Necessity is the mother of invention, but it's important to be careful. Cover your bases first, and then proceed from there. Creativity is important — what are the gaps that have been created by this situation? What will people need, what can they afford? The pieces of the economic puzzle have been changed — and we need some new edges. Entrepreneurs thrive in these situations, and it's a good time to look for the opportunities. Remaining positive is important — look for the solution rather than dwelling on the problem.

What do you think about investing in the real estate market now, while prices are so depressed?

It's a buyer's market and it's a good time to buy. If anyone is selling now it's probably due to one of the three D's: debt, divorce or death.

Do you think there will be a turnaround in real estate anytime soon?

Real estate is cyclical and it will even itself out, but it would help if the banks would lend some of the money they've received.

Is staying in the stock market now a mistake?

I'm sure some people will make a lot of money at a time like this, but you have to be very well informed as well as in a position to take risks. 

Are you getting more job applications these days?

We have always been inundated with them, but now more than ever.

Has the pool of applicants changed since the recession?

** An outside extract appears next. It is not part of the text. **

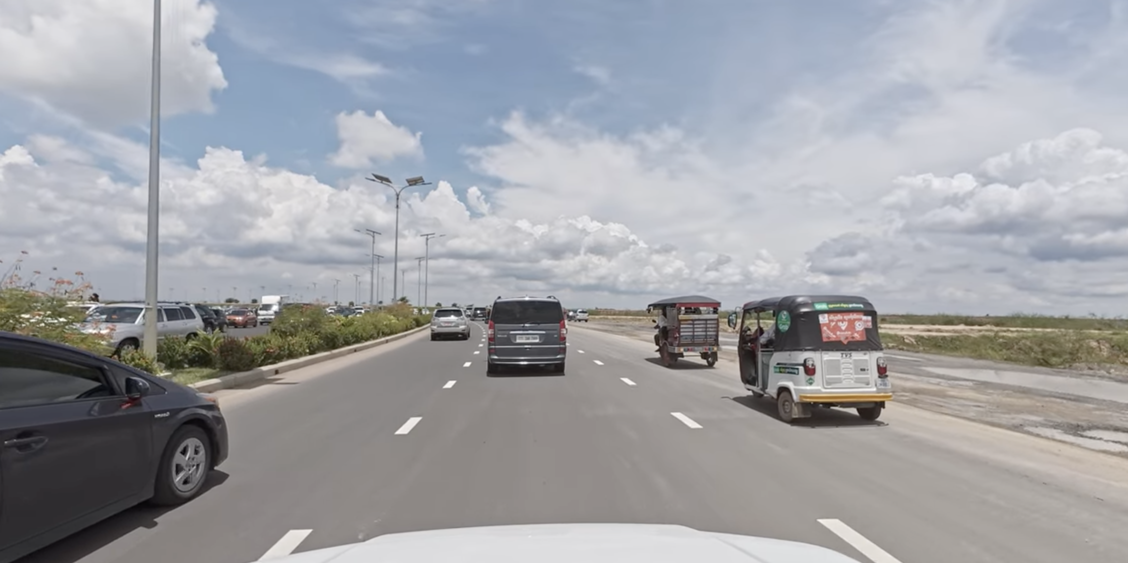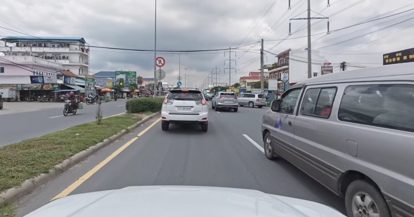 នៅលើទ្រូងផ្លូវ ដែលមានគំនូសសញ្ញាពណ៌លឿង ខឿន ឬសួនបែងចែកទិសចរាចរណ៍មាន ៤គន្លង (២ទៅ ២មក) អ្នកបើកបររថយន្ត ត្រូវបើកបរតាមគន្លងផ្លូវខាងឆ្វេង ជាប់នឹងខឿនបែងចែកទិសចរាចណ៍ ចំពោះអ្នកបើកបរយានសាមញ្ញ ត្រូវបើកបរតាមគន្លងផ្លូវខាងស្តាំ ជាប់នឹងចិញ្ចើមផ្លូវ។ អ្នកបើកបររថយន្ត អាចបើកបរតាមគន្លងផ្លូវខាងស្តាំ ជាប់នឹងចិញ្ចើមផ្លូវបាន ក្នុងករណីចរាចរណ៍មមាញឹក និងបើកបរក្នុងល្បឿនយឺត។ នេះបើយោងតាមក្រសួងសាធារណការ និងដឹកជញ្ជូន។

I don't deal with applications until the person has been screened and highly recommended to me, but my people tell me the caliber of applicants is significantly higher than ever.

What are the main qualities you look for in an employee?

Loyalty and a strong work ethic. I work hard and I get along with people very well provided they work hard too. Loyalty is important, and I like people to stay around, so I look for their work history. I have people who have been with me for 25, 30 years. Loyalty creates a solid base, and I need people who can keep up with me.